Here's the big picture of America: Our founders acknowledged our God-given rights. They gave us freedom of religion. They did not want an "establishment of religion" on the federal level. There would be no Church of America, like there is a Church of England.
The founders also wanted the free exercise of religion. That would include the right to pray – yes, in the name of Jesus – even at official events. They believed in this right to the point that the founders hired chaplains for the military and for the legislatures, including the House and Senate.
Furthermore, the founders recognized that the only way our Constitution would work is if the people themselves were virtuous. They said that the way they would be virtuous was through religion practiced on a voluntary basis.
Fast forward to 1947, when Supreme Court Justice Hugo Black reinterpreted the establishment clause to mean that there should be a strict "wall of separation between church and state." This wall was to be "impregnable. We cannot allow the slightest breach."
Justice Black based this novel interpretation on an obscure letter that Thomas Jefferson wrote to a fellowship of Baptists in Connecticut. Jefferson was in France when the Constitution was written. And he was not present at the adoption of the First Amendment.

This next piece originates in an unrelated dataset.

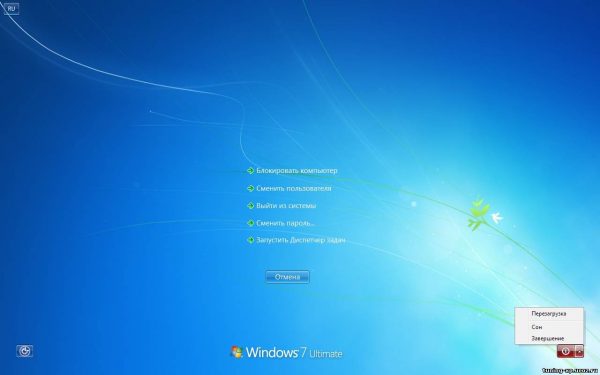 Pressing the key combination Ctrl + Alt + Delete also leads to the appearance of a dialog box. At the bottom right of the screen is a red shortcut that you need to click on using the Tab control button. To open the context menu, use Tab to move around the screen from one command to another and with arrows. In the menu you must select the option to reboot the device.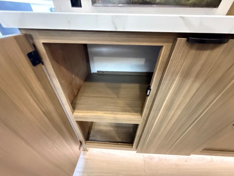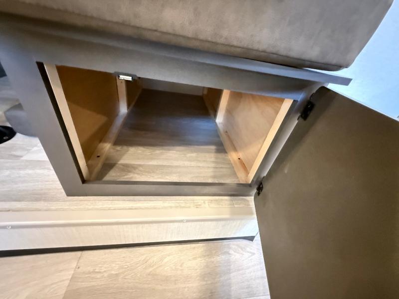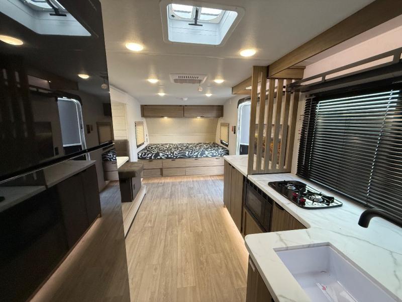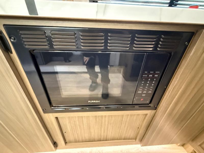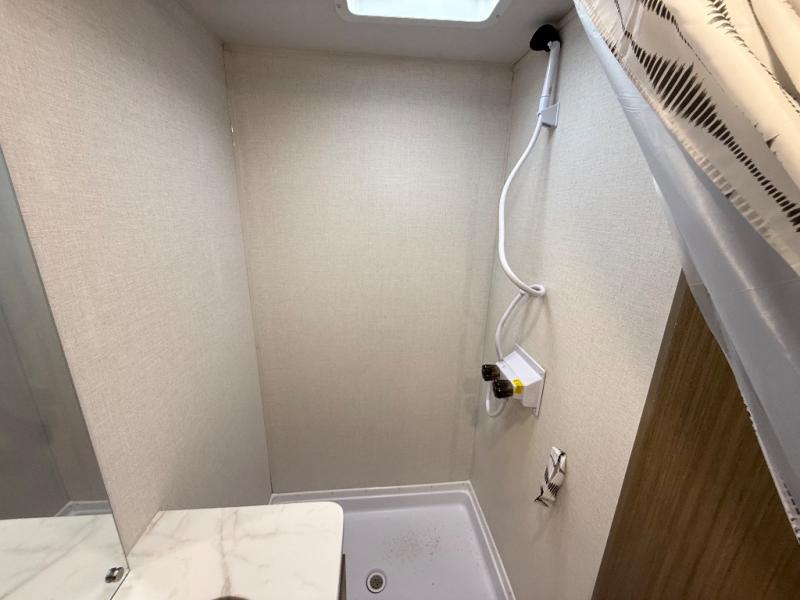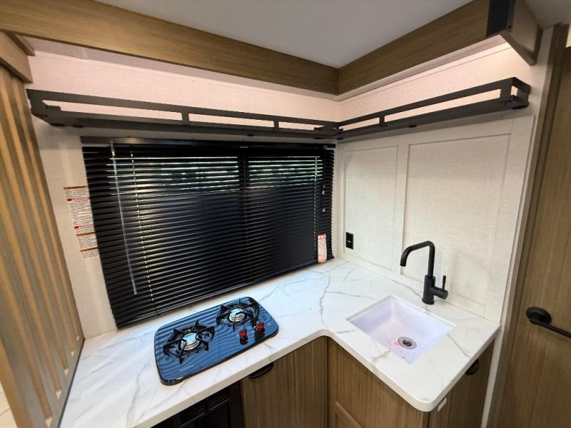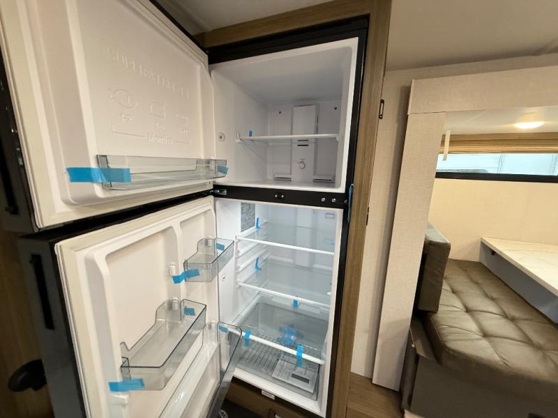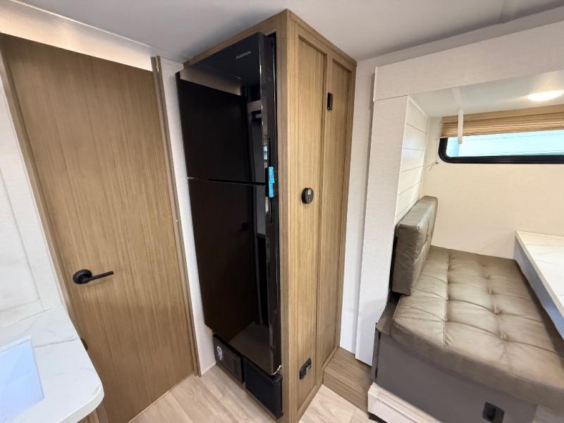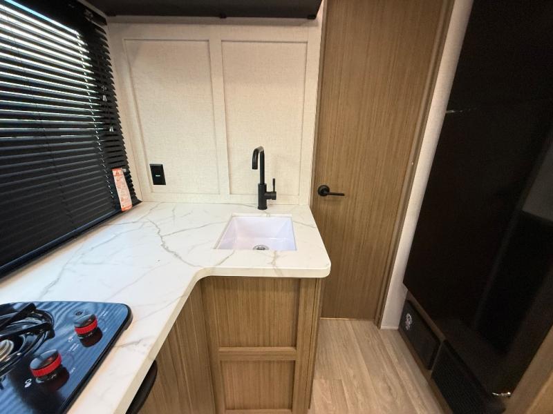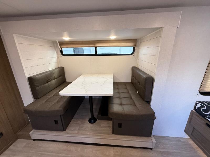 It will be so easy to enjoy time spent in this travel trailer for three. The front queen bed provides a great night's rest, and there is an overhead cabinet to keep your things organized. A two-burner cooktop in the kitchen will let you make meals for your crew, and a refrigerator keeps leftovers fresh. You can dine at the booth dinette within the slide out or take your plate outdoors to sit under the 12' power awning. And a full rear bath with a shower, toilet, and large vanity counter lets you stay clean each day!

Constitutional attorney David Gibbs III, founder and director of the National Center for Life and Liberty, told me in an interview on the American church-state debate, "Basically, a letter to a constituent was used to support a brand new legal doctrine that the Supreme Court essentially invented. They said we are going to install this concept of the separation of church and state."
Gibbs explains what happened next: "And what it really turned into was judicial censorship. The courts would be able to decide when was there an acceptable level of religion and when did it go too far. And over these last years since that ruling in 1947, it's been a non-stop stream of cases, where the court tries to balance. And if you really look at it, it's sheer censorship. We, the court, will decide when you've crossed the line.... Prayer at a school graduation – what's allowed, what's not allowed."
The effect of all this is to kick God out of the public schools. As D. James Kennedy once put it, we've removed God from the public schools and in His place we've had to install the metal detector. But there aren't enough detectors around to prevent all the violence.
The hostility against religion in general, but Christianity in particular, can get downright vicious. In Santa Fe, the ACLU filed suit to halt prayers at a baccalaureate service, privately sponsored by a group of ministers in 1995. The federal judge, Samuel Kent, said that the ministers could still hold the voluntary service, but that no one could pray in the name of any specific deity, such as the name of Jesus.
Just to make sure they got the message, Kent declared, "Anybody who violates these orders, no kidding, is going to wish that he or she had died as a child when this court gets through with it." Furthermore, the judge ruled that anyone invoking the name of Jesus at this voluntary religious service would be immediately arrested by federal marshals and jailed for a minimum of six months. "Wish he died as a child"? What is this, Communist North Korea? (Judge Kent himself later wound up in prison after being convicted of obstruction of justice in a sexual harassment case against him.)
So, not only was there to be no voluntary religious expression of ideas in the Santa Fe public schools, but anyone who dared to introduce godly influence would be summarily punished. There was also the issue of prayers at the football games in that school district – a case that went all the way up to the Supreme Court with a decision against the prayer.
So, based on false premises, the ACLU and the liberal judges that support their misreading of American history have turned many of our public schools into godless wastelands. Are we now seeing the consequences of their work unfolding before us?
The founders knew that we will all one day give an account to "the Supreme Judge of the world." "Thoughts and prayers" are not a trivial distraction, but in the long run a major part of the solution.